Resonant Raman scattering in ion-beam-synthesized Mg2Si in a silicon matrix

Resonant Raman scattering by ion beam synthesized in silicon matrix Mg2Si phase is studied. The samples are prepared with the implantation of Mg ions with dose 4 1017 cm−2 and with two different energies 40 and 60 keV into 100 Si substrates. The far infrared spectra are used as criteria for the formation of the Mg2Si phase. The Raman spectra are excited with different lines of Ar+ laser, with energies of the lines lying in the interval from 2.40 to 2.75 eV. The resonant scattering can be investigated using these laser lines, as far as according to the Mg2Si band structure, there are direct gaps with energies in the same region. The energy dependences of the scattered intensities in the case of the scattering by the allowed F2g and the forbidden LO-type modes are experimentally obtained and theoretically interpreted. On the base of the investigation energies of the interband transitions in the Mg2Si are determined.
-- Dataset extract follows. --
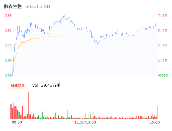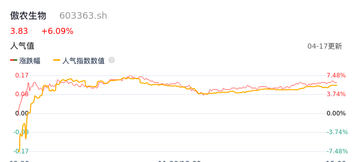 04月17日,傲农生物收报3.83,股价涨幅6.09%,成交金额1.50亿元,换手率5.34%。

It is found also that the resonant Raman scattering appears to be a powerful tool for characterization of a material with inclusions in it. In the particular case it is concluded that the Mg2Si phase is present in the form of a surface layer in the sample, prepared with implantation energy 40 keV and as low-dimensional precipitates, embedded in the silicon matrix, in the sample, prepared with the higher implantation energy.